**DIRECTIONS:**
Please return exactly the lines from the top of the data through the line that contains "ساعة رولكس رجالي", and skip all pictures.
----- DATA EXCERPT -----
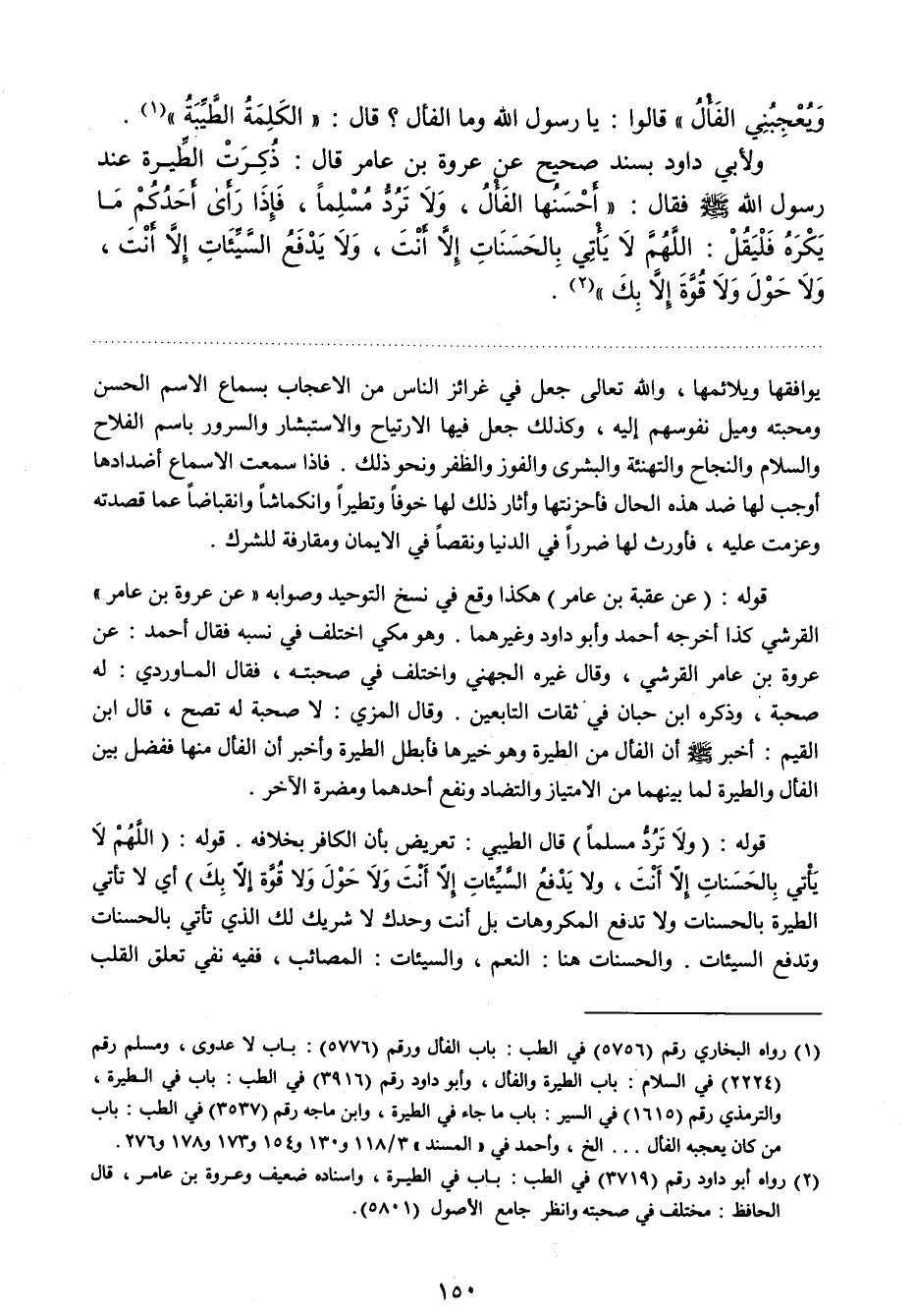 ولأبي داود بسند صحيح عن عروة بن عامر قال: " ذكرت الطيرة عند رسول الله صلي الله عليه وسلم فقال: أحسنها الفأل، ولا ترد مسلما، فإذا رأى أحدكم ما يكره فليقل: اللهم لا يأتي بالحسنات إلا أنت، ولا يدفع السيئات إلا أنت، ولا حول ولا قوة إلا بك "2.
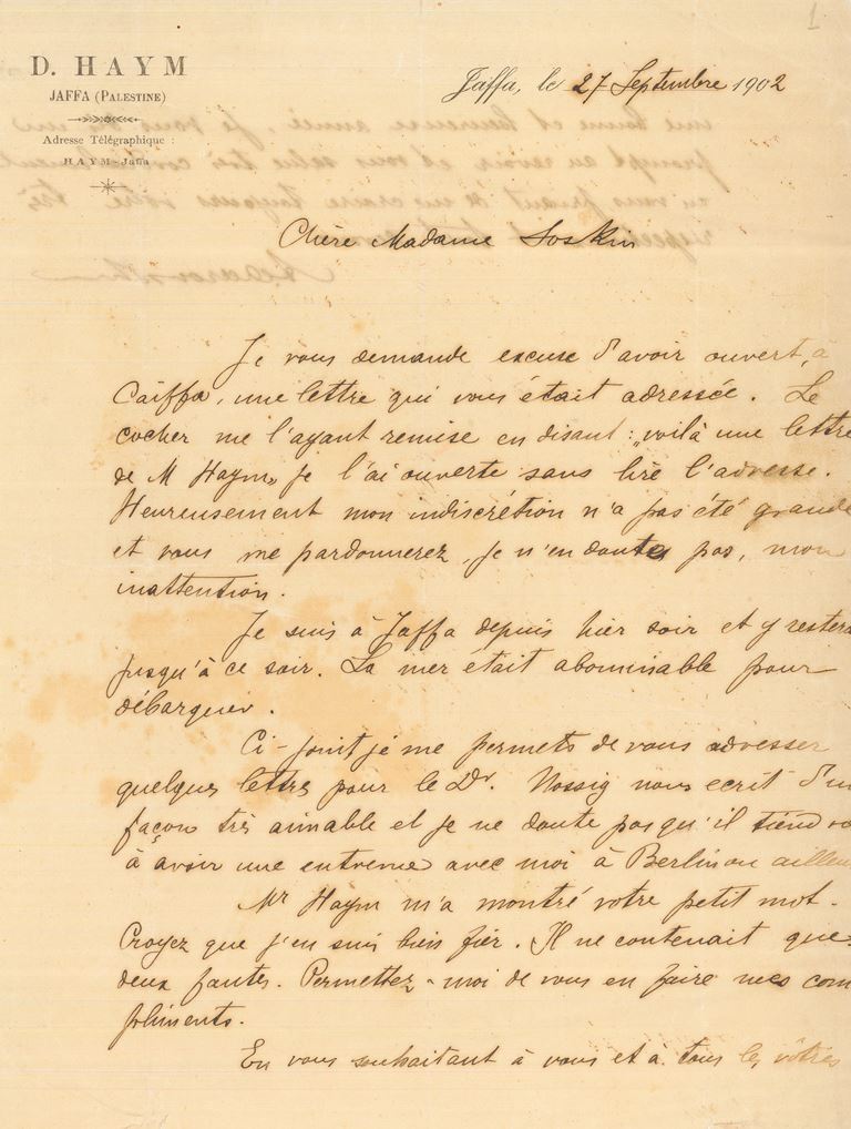 "גברת סוסקין היקרה". מכתב מאהרנסון לסוניה סוסקין, מיפו, 1902. האישה היחידה שאי פעם אהב הייתה אישתו של אחר (A91\40)
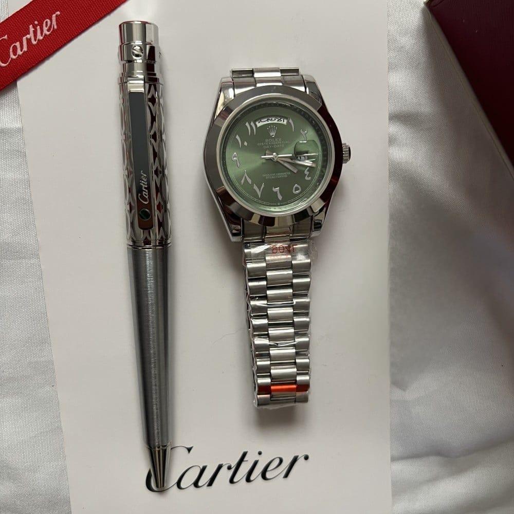 ساعة رولكس رجالي + قلم كارتيرموديل انيق ومميزكوارتزجودة عالية طبق الاصليمقاومة للماءمقاومة للصدأمقاس 38 ممضمان سنه كاملة
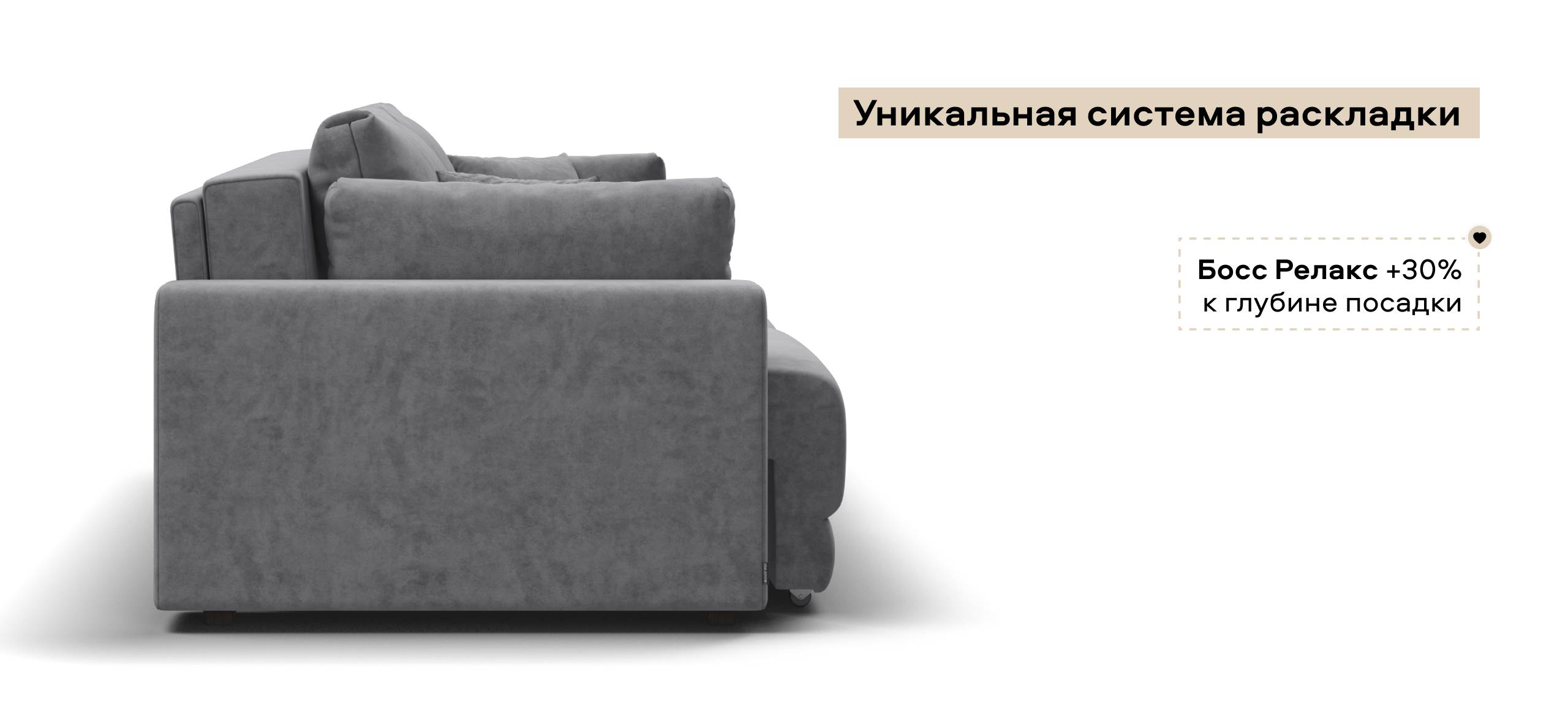 Босс Прайм — это сочетание современного дизайна и продуманной эргономики, создающее уютную атмосферу в любом интерьере. Визуально разделённое сиденье, широкие мягкие подлокотники и пышные подушки разного размера обеспечивают не только эстетическую привлекательность, но и максимальный комфорт.
-----
**ANSWER TO THE EXERCISE:**
 ولأبي داود بسند صحيح عن عروة بن عامر قال: " ذكرت الطيرة عند رسول الله صلي الله عليه وسلم فقال: أحسنها الفأل، ولا ترد مسلما، فإذا رأى أحدكم ما يكره فليقل: اللهم لا يأتي بالحسنات إلا أنت، ولا يدفع السيئات إلا أنت، ولا حول ولا قوة إلا بك "2.
 "גברת סוסקין היקרה". מכתב מאהרנסון לסוניה סוסקין, מיפו, 1902. האישה היחידה שאי פעם אהב הייתה אישתו של אחר (A91\40)
 ساعة رولكس رجالي + قلم كارتيرموديل انيق ومميزكوارتزجودة عالية طبق الاصليمقاومة للماءمقاومة للصدأمقاس 38 ممضمان سنه كاملة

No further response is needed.